↓↓↓
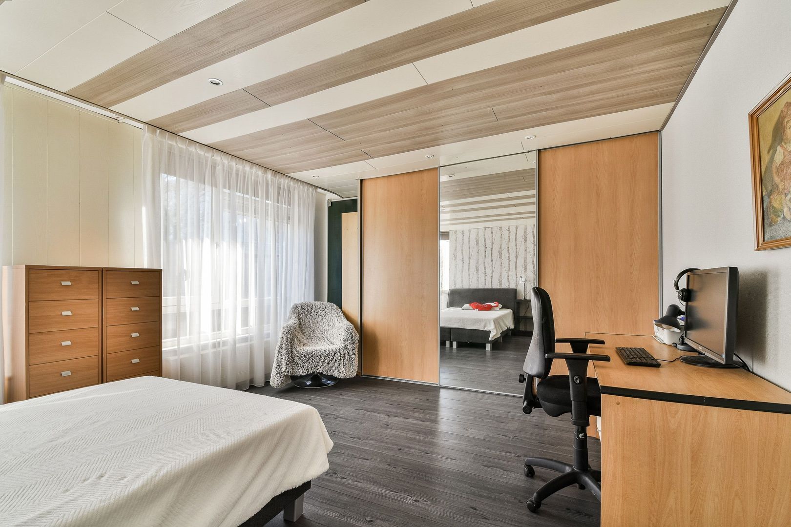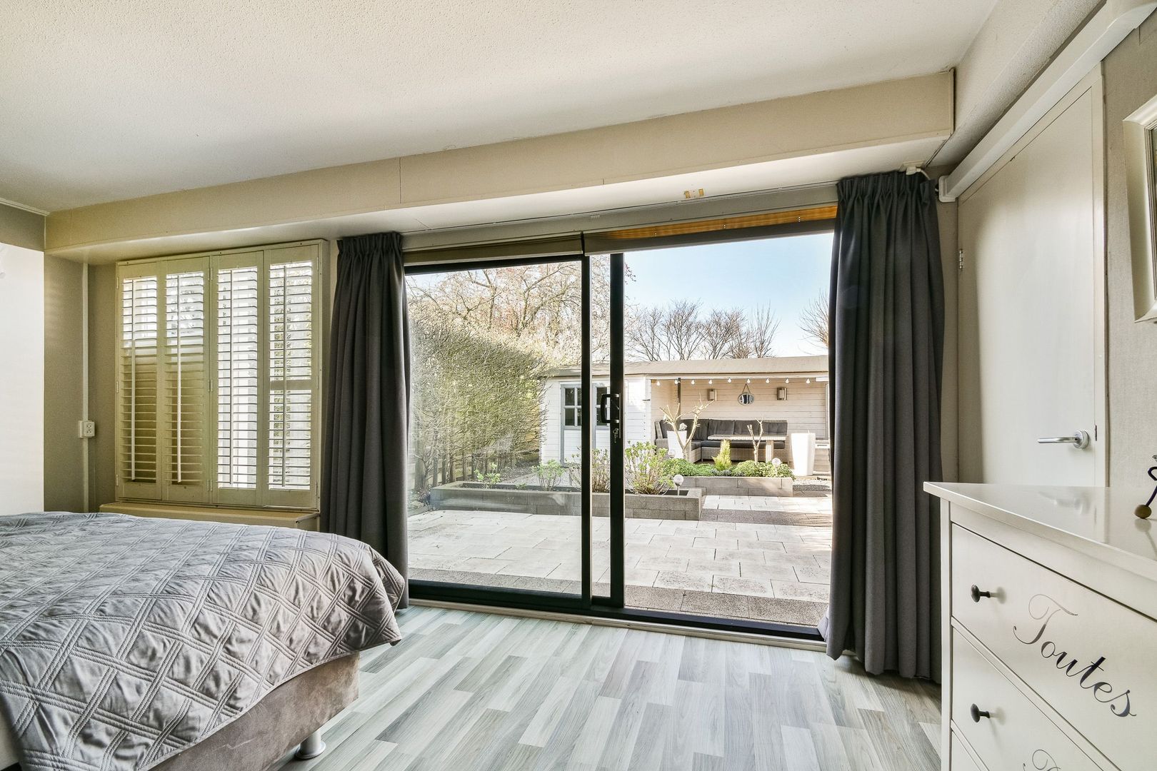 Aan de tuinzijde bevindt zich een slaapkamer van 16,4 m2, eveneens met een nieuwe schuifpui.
↑↑↑
↓↓↓
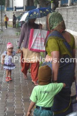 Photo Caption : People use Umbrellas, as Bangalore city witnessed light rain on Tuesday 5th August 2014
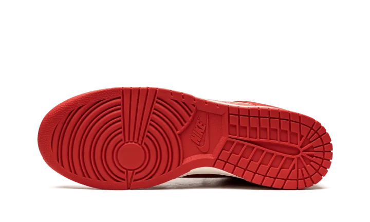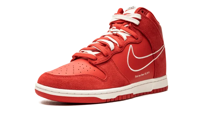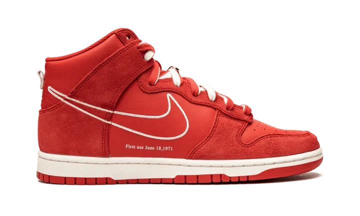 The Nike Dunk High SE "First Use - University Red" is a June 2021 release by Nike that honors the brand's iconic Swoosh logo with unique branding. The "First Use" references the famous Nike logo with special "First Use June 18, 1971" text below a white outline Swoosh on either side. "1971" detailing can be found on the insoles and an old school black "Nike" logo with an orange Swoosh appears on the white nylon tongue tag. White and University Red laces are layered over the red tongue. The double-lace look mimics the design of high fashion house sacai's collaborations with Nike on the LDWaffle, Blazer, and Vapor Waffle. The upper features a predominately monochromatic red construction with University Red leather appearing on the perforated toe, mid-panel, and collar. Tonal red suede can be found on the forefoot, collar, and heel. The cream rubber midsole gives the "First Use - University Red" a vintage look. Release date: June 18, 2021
↑↑↑
| Aim of the exercise |
Using the records above, repeat exactly the run of lines that starts with the line with "Photo Caption : People" and goes on through the line with "The Nike Dunk"; omit each picture.

| Task result |
 Photo Caption : People use Umbrellas, as Bangalore city witnessed light rain on Tuesday 5th August 2014
 The Nike Dunk High SE "First Use - University Red" is a June 2021 release by Nike that honors the brand's iconic Swoosh logo with unique branding. The "First Use" references the famous Nike logo with special "First Use June 18, 1971" text below a white outline Swoosh on either side. "1971" detailing can be found on the insoles and an old school black "Nike" logo with an orange Swoosh appears on the white nylon tongue tag. White and University Red laces are layered over the red tongue. The double-lace look mimics the design of high fashion house sacai's collaborations with Nike on the LDWaffle, Blazer, and Vapor Waffle. The upper features a predominately monochromatic red construction with University Red leather appearing on the perforated toe, mid-panel, and collar. Tonal red suede can be found on the forefoot, collar, and heel. The cream rubber midsole gives the "First Use - University Red" a vintage look. Release date: June 18, 2021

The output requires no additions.